A common question I hear is "how do I access context outside of an event handler?" - hopefully, this has helped explain how context is created and is dependent on the installation.id value of the payload. If you have another way to get an installation ID (possibly through API endpoints for finding an ID), then you can totally construct your own Context is similar object.
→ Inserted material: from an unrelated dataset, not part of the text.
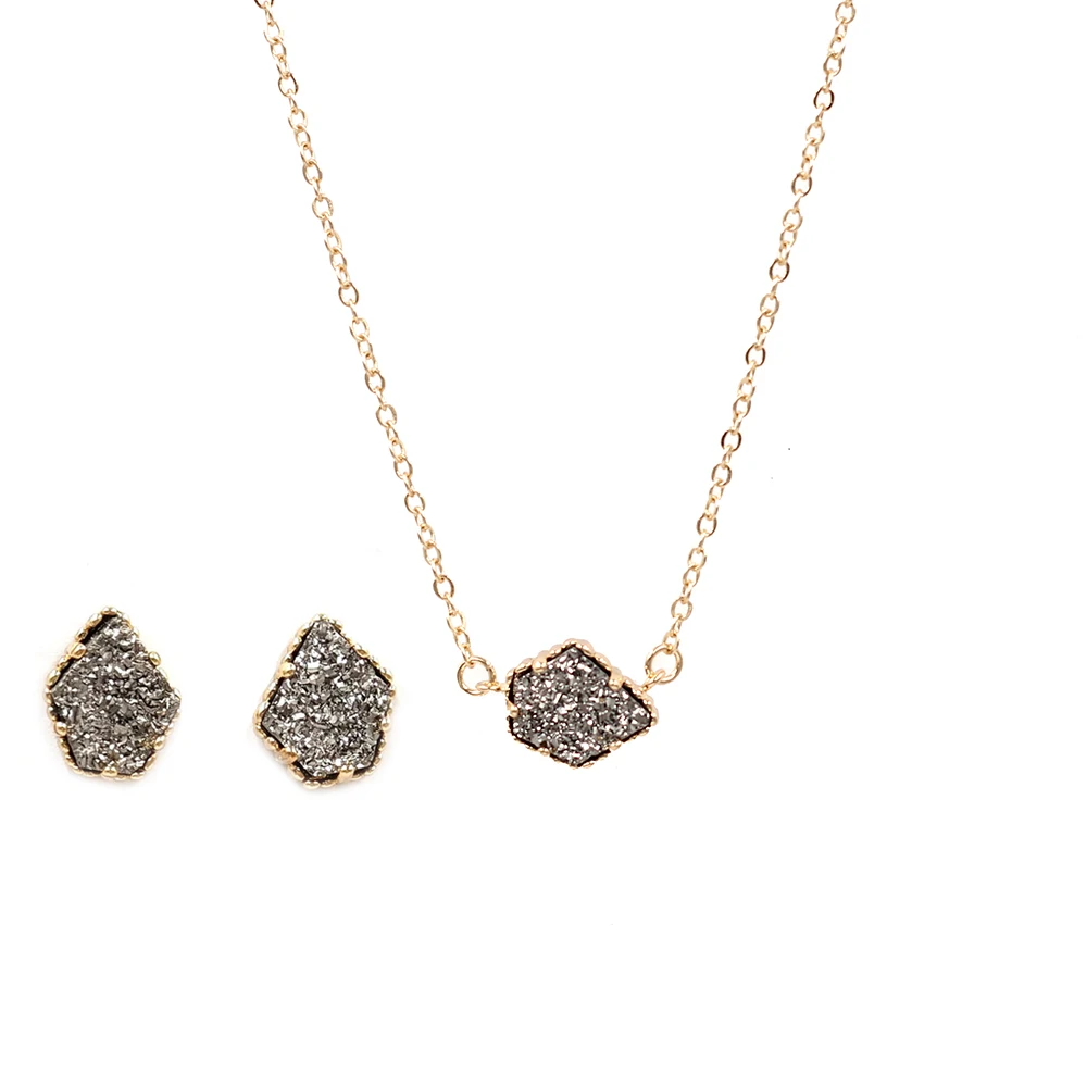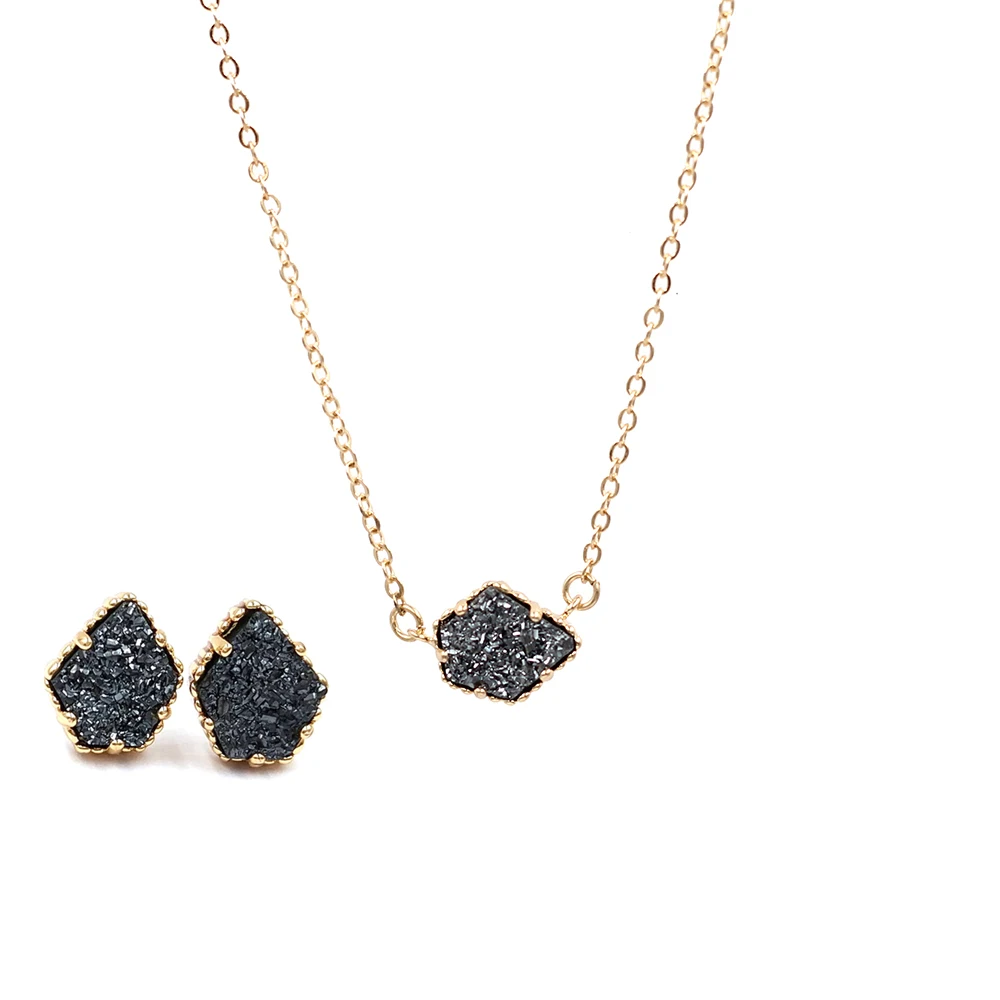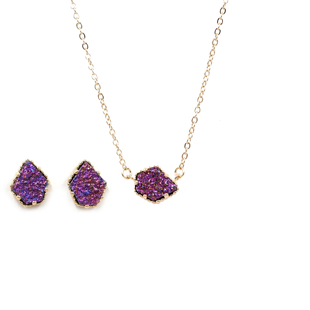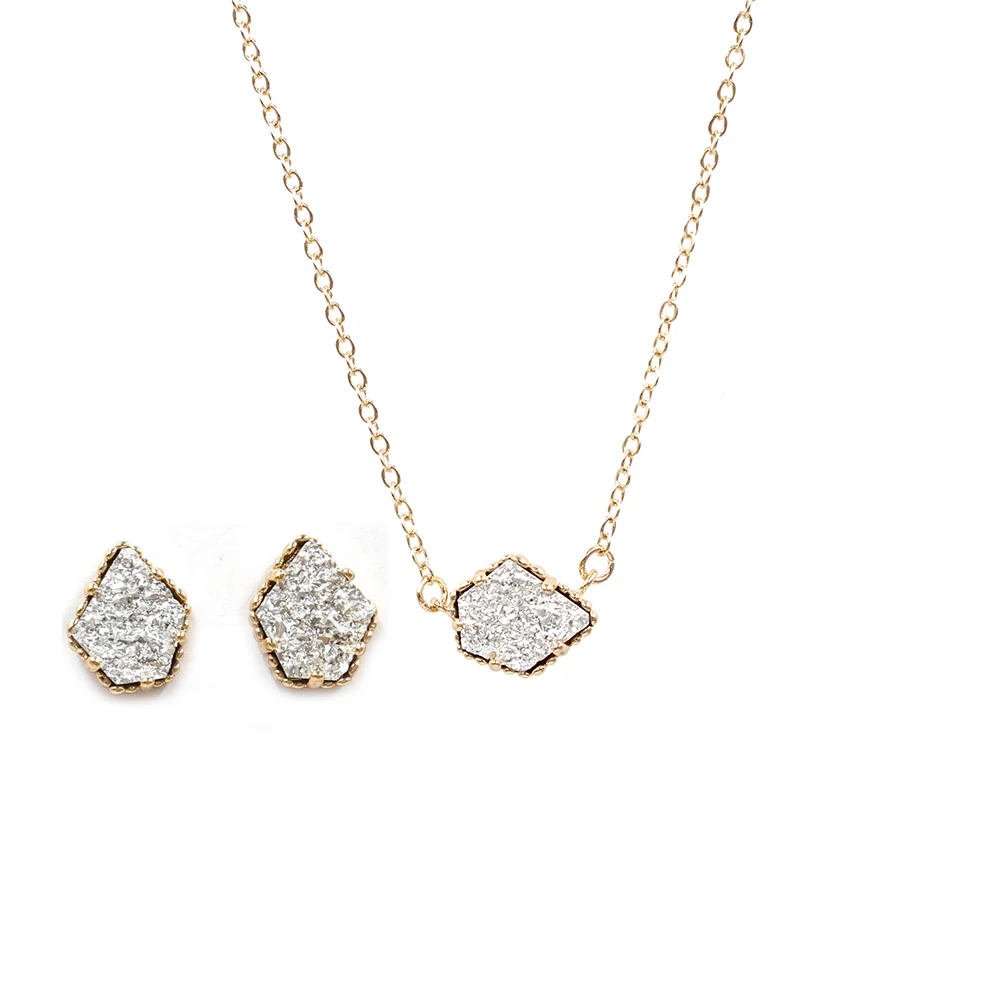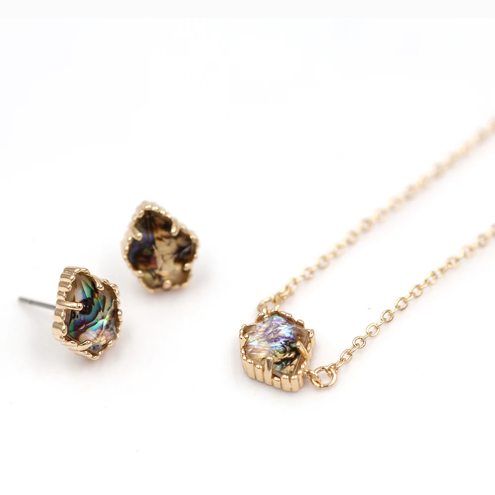 Новинка 2021 года, разноцветные пятигранные серьги-гвоздики и ожерелье с пятисторонними крапанами и драгоценными камнями из смолы, набор ювелирных изделий для женщин

This is a fun part of Probot - you write code that exports a function, but then Probot magically runs that function. Most Probot apps use a CLI the Probot provides, called probot run. For example, JasonEtco/todo's npm start command is this:

{
  "scripts": {
    "start": "probot run ./index.js"
  }
}

This tells Probot to require() the ./index.js file, and run the exported function with an instance of Application. That's done through Probot#load, and somewhere down the line we have code like this:

// From https://github.com/probot/probot/blob/HEAD/src/resolver.ts
import { sync } from 'resolve'

export function resolve (appFnId: string) {
  // appFnId would be `./index.js`
  return require(sync(appFnId, { basedir: process.cwd() }))
}

We're loading the code via Node.js's require() functionality. Then, once we've got the function loaded up, we simply call it:

const application = new Application()
const yourApp = probot.load('./index.js')
yourApp(application)

Calling the function then calls application.on(), which registers the event handlers!

While this isn't all of Probot, it really is the core of it. We get an event through the POST endpoint, use information from it to create an authenticated GitHub client, and run your app's code.

Using all of the above information, I wanted to take a crack at a simplified version of Probot that, aside from the GitHub authentication mechanisms, has nothing to do with GitHub. You can take this framework and apply it to any other service that sends webhooks.

const express = require('express')
const EventEmitter = require('events')
const { Octokit } = require('@octokit/rest')
const { createAppAuth } = require('@octokit/auth-app')
const app = express()

// Get the `index.js` file of wherever you're running this server
const yourAppCode = require(path.join(process.cwd(), 'index.js'))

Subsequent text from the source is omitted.